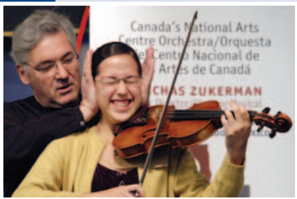
Cours de maître — Pinchas Zukerman enseigne en tournée à Monterrey, au Mexique.

À Monterrey, l'Orchestre a présenté des activités éducatives novatrices en faisant appel à la technologie de la vidéoconférence par Internet. Au Canada, aux États-Unis et au Mexique, des écoles ont été reliées au moyen du service Internet de la prochaine génération du CNA. Pendant la tournée, les membres de l'Orchestre ont aussi écrit des messages quotidiens dans un journal sur le très populaire site Web du CNA pour les jeunes ( www.artsvivants.ca ). 🍀
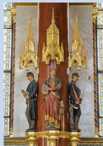
irányító kerékvizsgáló menetrend készítő
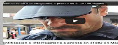
Difusión de imágenes de los agentes de seguridad del estado
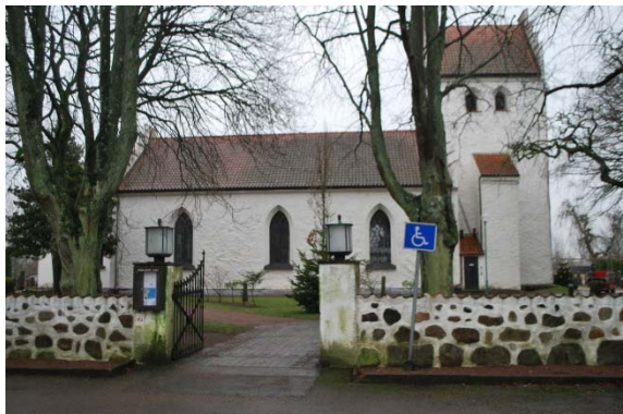
Fasad mot norr.

Torn, långhus och kor har trappstegsgavlar avtäckta med tegelpannor. Vissa av gavlarna är försedda med blinderingsnischer. Ankarjärn i form av kryss finns på tornets övre del.
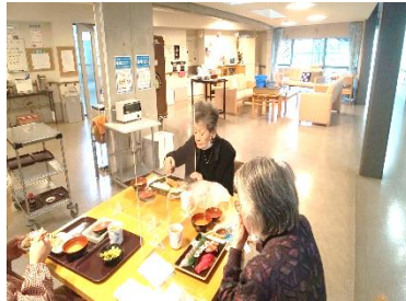
『お寿司や丼ぶり、揚げ物に麺類。皆さんあっという間に完食🍴』
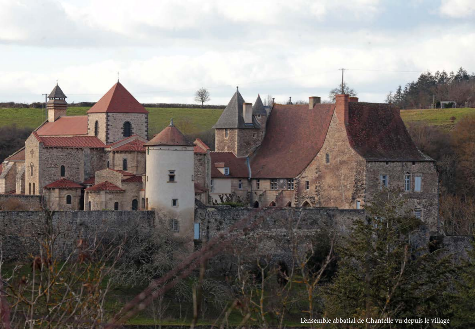
L'ensemble abbatial de Chantelle vu depuis le village
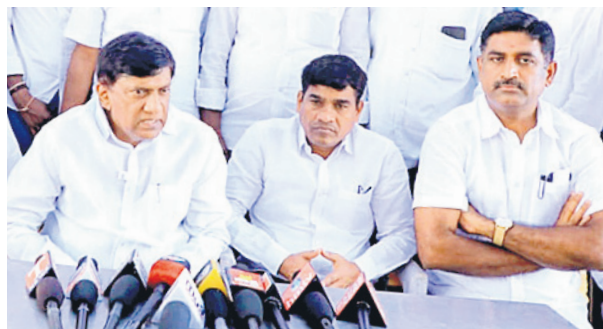
మానకొండూర్ రూరల్: విలేకరుల సమావేశంలో మాట్లాడుతున్న రాష్ట్ర ప్రణాళికా సంఘం ఉపాధ్యక్షుడు బోయినపల్లి వినోద్ కుమార్
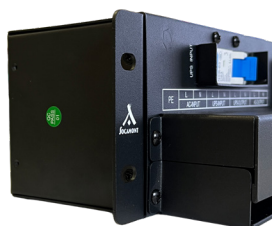
équerre position rack 19"
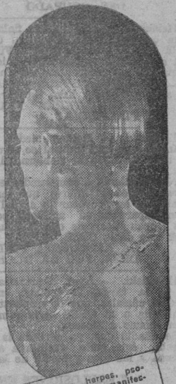
El aczema, herpes, psoriasis, etc., son manifestaciones de una sangre viciada que se debe purificar con el DEPURATIVO RICHELET

El Depurativo Richelet, es más que nada "rectificador" por excelencia de la sangre viciada, ya que bajo su acción la masa sanguínea se purifica completamente. La sangre vuelve a
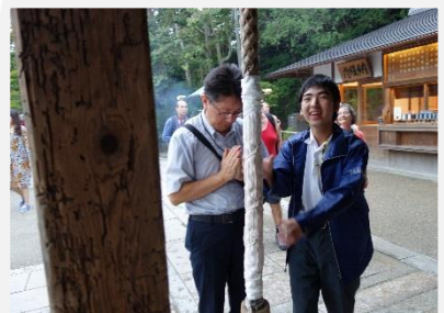
S先生と神社でお参りしている。

京都の街並みを散策した後、お土産を買ったり夕食でバイキングをしたりしました。ホテルの部屋では、しっかり休んで明日のためにエネルギーをチャージしました。

▶ WHAT IS NEEDED
Every line of the material is to be quoted exactly, with no pictures carried over.

▶ RESPONSE
Cours de maître — Pinchas Zukerman enseigne en tournée à Monterrey, au Mexique.

À Monterrey, l'Orchestre a présenté des activités éducatives novatrices en faisant appel à la technologie de la vidéoconférence par Internet. Au Canada, aux États-Unis et au Mexique, des écoles ont été reliées au moyen du service Internet de la prochaine génération du CNA. Pendant la tournée, les membres de l'Orchestre ont aussi écrit des messages quotidiens dans un journal sur le très populaire site Web du CNA pour les jeunes ( www.artsvivants.ca ). 🍀
irányító kerékvizsgáló menetrend készítő
Difusión de imágenes de los agentes de seguridad del estado
Fasad mot norr.

Torn, långhus och kor har trappstegsgavlar avtäckta med tegelpannor. Vissa av gavlarna är försedda med blinderingsnischer. Ankarjärn i form av kryss finns på tornets övre del.
『お寿司や丼ぶり、揚げ物に麺類。皆さんあっという間に完食🍴』
L'ensemble abbatial de Chantelle vu depuis le village
మానకొండూర్ రూరల్: విలేకరుల సమావేశంలో మాట్లాడుతున్న రాష్ట్ర ప్రణాళికా సంఘం ఉపాధ్యక్షుడు బోయినపల్లి వినోద్ కుమార్
équerre position rack 19"
El aczema, herpes, psoriasis, etc., son manifestaciones de una sangre viciada que se debe purificar con el DEPURATIVO RICHELET

El Depurativo Richelet, es más que nada "rectificador" por excelencia de la sangre viciada, ya que bajo su acción la masa sanguínea se purifica completamente. La sangre vuelve a
S先生と神社でお参りしている。

京都の街並みを散策した後、お土産を買ったり夕食でバイキングをしたりしました。ホテルの部屋では、しっかり休んで明日のためにエネルギーをチャージしました。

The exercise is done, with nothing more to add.